High-Performance Multiresponsive Bilayer Actuators Based on Micro-/Nanostructured Polypyrrole for Robust Smart Devices

Bioinspired soft actuators have great application potentials in many fields. However, so far, it has remained a great challenge to realize high-performance actuators with a low-cost manufacturability, good mechanical stability, excellent multiresponsive ability, large deformation capability, and fast movement. Here, we report a high-performance multiresponsive bilayer actuator, in which a polypyrrole (PPy) layer is deposited on a polyethylene glycol terephthalate (PET) substrate via a simple aqueous chemical oxidation polymerization with in situ formation of PPy hierarchical micro-/nanostructures. The resultant robust PPy/PET bilayer actuator has outstanding humidity/light/electricity/thermal responses coupled with a large deformation.

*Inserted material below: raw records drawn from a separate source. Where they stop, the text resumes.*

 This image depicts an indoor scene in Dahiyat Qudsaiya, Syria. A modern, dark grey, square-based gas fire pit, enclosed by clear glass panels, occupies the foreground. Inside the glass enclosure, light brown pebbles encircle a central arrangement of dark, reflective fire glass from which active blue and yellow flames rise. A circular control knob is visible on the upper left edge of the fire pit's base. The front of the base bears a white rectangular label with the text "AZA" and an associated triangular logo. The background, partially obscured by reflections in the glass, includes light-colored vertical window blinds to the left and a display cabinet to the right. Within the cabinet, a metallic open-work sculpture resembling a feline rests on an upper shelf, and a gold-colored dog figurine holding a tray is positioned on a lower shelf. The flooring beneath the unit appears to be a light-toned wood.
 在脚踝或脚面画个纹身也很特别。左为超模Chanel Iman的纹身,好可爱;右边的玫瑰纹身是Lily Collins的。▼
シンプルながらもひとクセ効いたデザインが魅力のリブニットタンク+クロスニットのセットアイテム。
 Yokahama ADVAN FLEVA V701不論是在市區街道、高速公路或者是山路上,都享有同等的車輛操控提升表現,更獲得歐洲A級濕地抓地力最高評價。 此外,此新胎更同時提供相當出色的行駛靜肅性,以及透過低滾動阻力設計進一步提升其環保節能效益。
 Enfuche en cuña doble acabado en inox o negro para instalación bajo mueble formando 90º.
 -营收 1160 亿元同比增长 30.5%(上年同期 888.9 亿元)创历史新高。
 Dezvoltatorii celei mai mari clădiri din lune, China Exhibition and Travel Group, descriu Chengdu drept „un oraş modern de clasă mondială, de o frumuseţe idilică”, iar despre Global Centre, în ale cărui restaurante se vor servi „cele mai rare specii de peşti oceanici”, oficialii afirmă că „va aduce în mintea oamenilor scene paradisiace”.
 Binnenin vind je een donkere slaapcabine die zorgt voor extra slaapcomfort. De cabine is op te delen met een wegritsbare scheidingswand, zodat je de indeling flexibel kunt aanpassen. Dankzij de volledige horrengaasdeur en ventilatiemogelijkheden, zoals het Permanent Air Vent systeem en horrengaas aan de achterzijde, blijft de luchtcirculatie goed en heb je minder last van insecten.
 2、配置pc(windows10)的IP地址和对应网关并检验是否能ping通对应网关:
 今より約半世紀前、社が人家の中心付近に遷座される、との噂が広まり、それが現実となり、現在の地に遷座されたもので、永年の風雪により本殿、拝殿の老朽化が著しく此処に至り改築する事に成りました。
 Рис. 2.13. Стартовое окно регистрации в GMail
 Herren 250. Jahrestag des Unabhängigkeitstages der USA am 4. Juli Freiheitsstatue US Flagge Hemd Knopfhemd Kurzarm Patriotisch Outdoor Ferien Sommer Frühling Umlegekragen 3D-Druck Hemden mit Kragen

These actuating behaviors originate from the stimulus-triggered synergistic deformations of the bilayer because of their large thermal expansion mismatch and the coupling effect of the hygroscopic ability of micro-/nanostructured PPy with its photothermal effect and conductivity. Taking advantage of the multiresponsive characteristics combined with unexploited laser-engraved geometries of PPy, we realize diverse reversible complex deformations between two- and three-dimensional (2D and 3D) configurations in a controlled manner. More importantly, we develop the applications of the PPy/PET bilayer actuator as a power-free humidity self-driven hygrometer and smart humidity-tunable clothing. Meanwhile, we realize temperature-gradient-driven unprecedented ultrafast rolling of the actuator, in addition to light-induced crawling. As demonstrated, the multiresponsive PPy-based bilayer actuators may find broad applications such as artificial muscles, soft microrobots, and so on.

Automated summary

This study reports a high-performance multiresponsive bilayer actuator with outstanding humidity/light/electricity/thermal responses. The actuator is achieved by depositing a polypyrrole layer on a polyethylene glycol terephthalate substrate via chemical oxidation polymerization, leading to the formation of PPy hierarchical micro-/nanostructures. The actuator exhibits large deformation capability and can be controlled to achieve reversible complex deformations between two- and three-dimensional configurations. Additionally, the actuator shows promising applications in various fields such as artificial muscles and soft microrobots.